Mais pourquoi je vous écris aujourd’hui de la Méditerranée? Certainement aussi parce que un bateau sera parti ce soir aussi. Bien sûr, j’irai lire aujourd’hui aussi, la même nouvelle, qui à présent n’est plus une nouvelle. A’ vrai dire, je vous écris de Toulouse, où, le samedi 24 Juin avec Flavio Peinetti et Tshomba comme représentant de Roberto Chiesa, nous avons participé à une réunion de préparation du Forum Méditerannéen, organisé par les amis français, au sein du Congrès de la Société nationale française de chirurgie vasculaire, la SCVE (il lui manque seulement un « I » pour avoir notre même nom). Il y avaient des délégués d’Italie et de la France mais également des délégués de, Algérie, Maroc,  Tunisie,et le soutien  de Liban et Espagne.

Souvenez-vous dès le début. Le forum ne veut pas être une autre société scientifique. Il y en a pas besoin. Il y en a déjà trop. Il veut être ce qu’il est.

Un forum pour échanger des point de vue, des impressions, un réseau, et même la formation, les projets, les études, la recherche, en particulier chez les jeunes, qui sont très forts en communication, il ne veut pas organiser nécessairement des congrès ou bien produire des  fauteuils.

Il y aura d’autres occasions, d’autres congrès (Bologne et Naples en Italie et autres sièges d’envisager), pour échanger, discuter, planifier. Si nécessaire, on organisera ad hoc quelque chose.

Une chose est certaine. Le Forum méditerranéen est parti, et il ammène avec lui l’espoir de la communication entre différentes entités, de nouvelles idées.

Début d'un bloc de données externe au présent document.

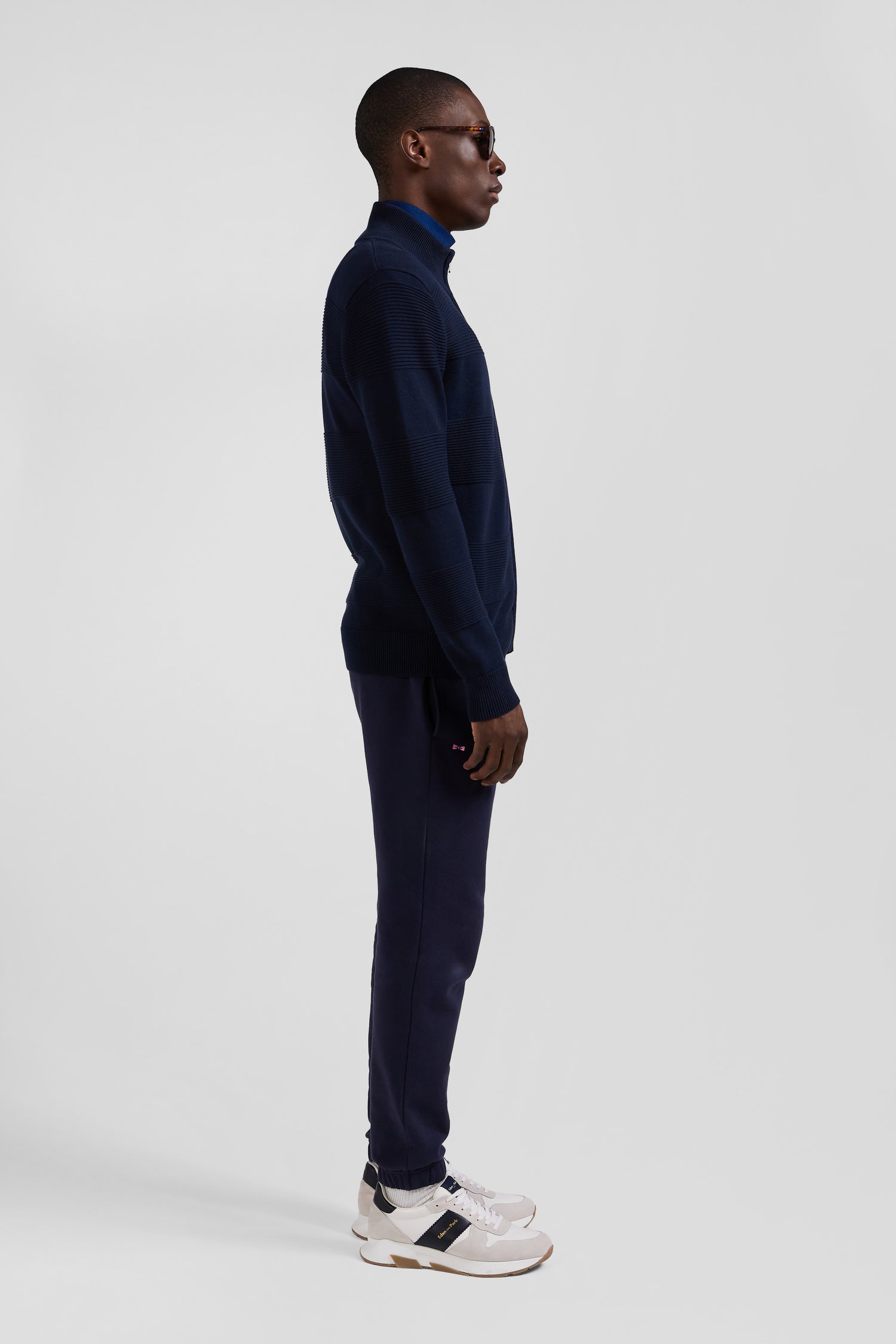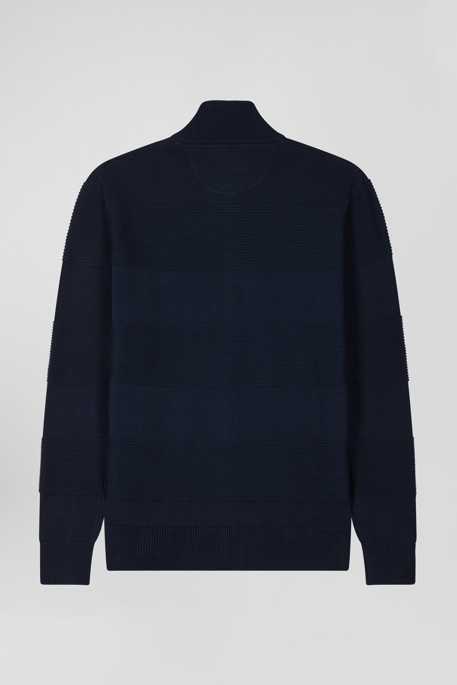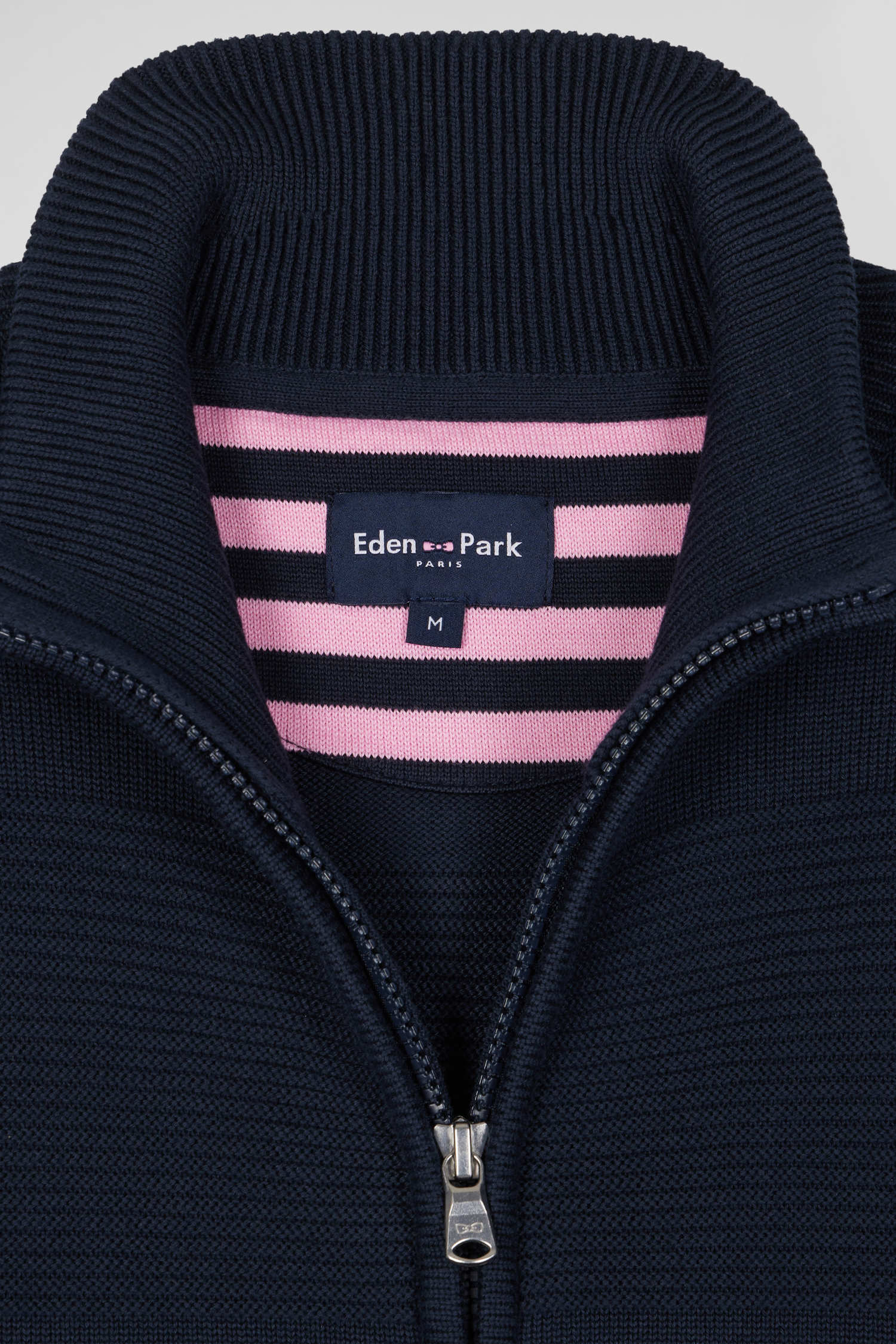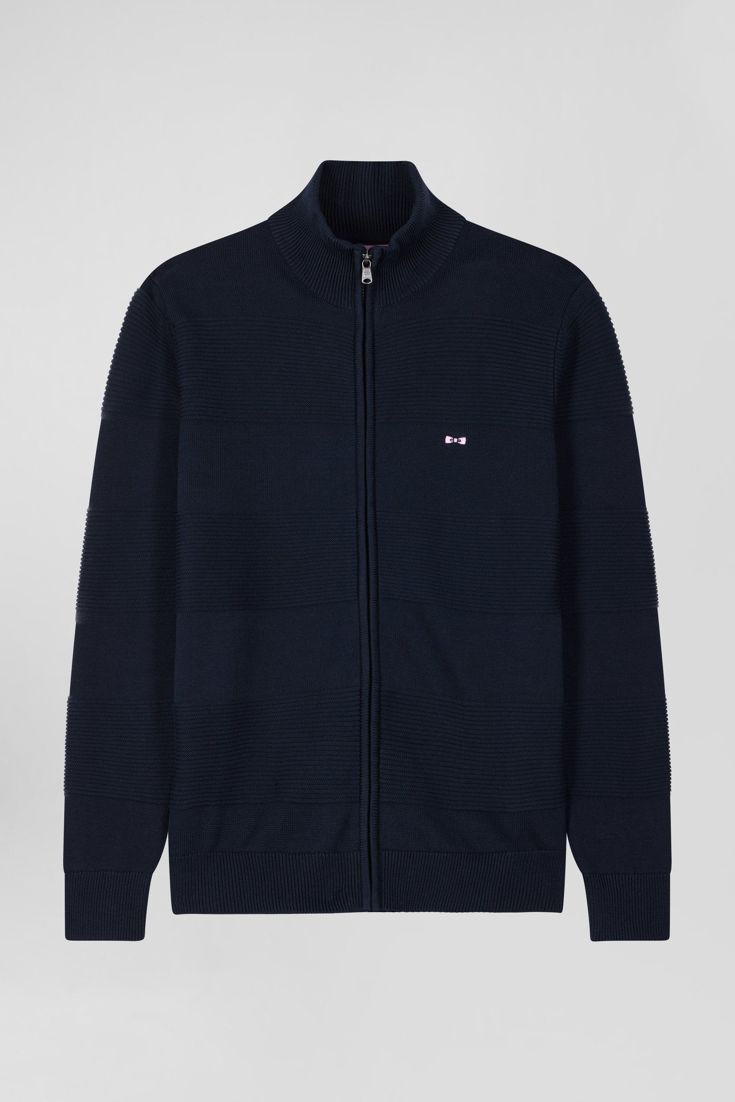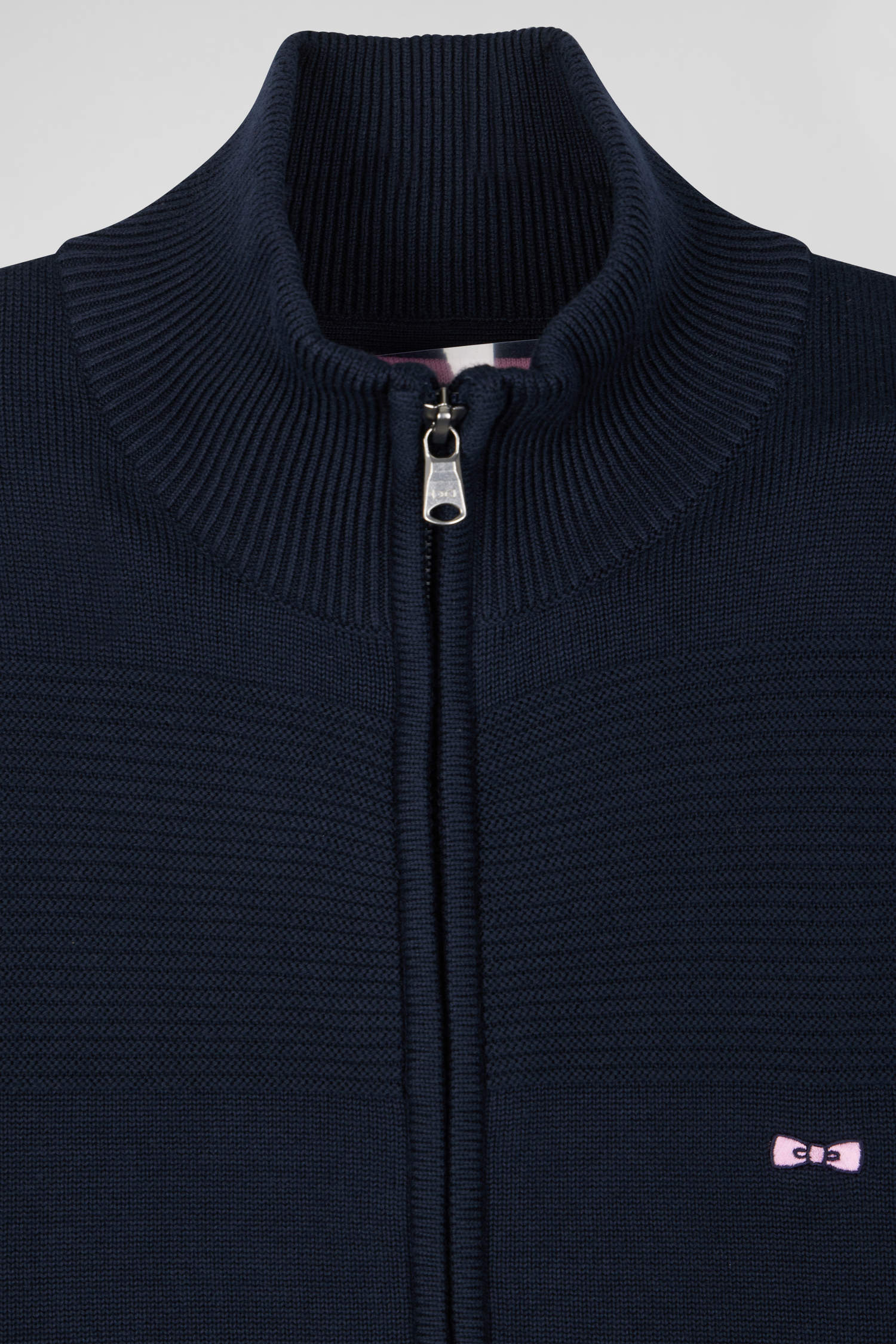 Regular navy blue plain cotton zipped cardigan with knit patterns

 Nous ne prévoyons rien parce qu’il est pas le cas, mais nous avons promis d’échanger beaucoup de choses (je l’espère beaucoup) sur le web. Autrefois on devait défier la mer orageuse avec des bateaux en bois et  avec lesvoiles au vent, plus sûr que les bateaux en caoutchouc d’aujourd’hui. Tels étaient les bateaux qui emportaient les  grains du progrès et de la civilisation dans cette Europe sauvage. Il est temps de le rappeler à l’Europe. Rappelons-le, revendiquons-le.

Aujourd’hui, nous voyageons sur Internet, et de la même façon que nous le faisons déjà, nous le ferons encore, assis confortablement à la maison.

Pour ammener encore cette fois-ci dans la Méditerranée les grains du progrès et de la civilisation en Europe et dans le monde entier.

Avec le même espoir, la force, la détermination, le courage et la ténacité du temps, de défier la mer orageuse, lorsque la priorité était de construire la civilisation des Grecs, et avec elle l’avenir de l’humanité.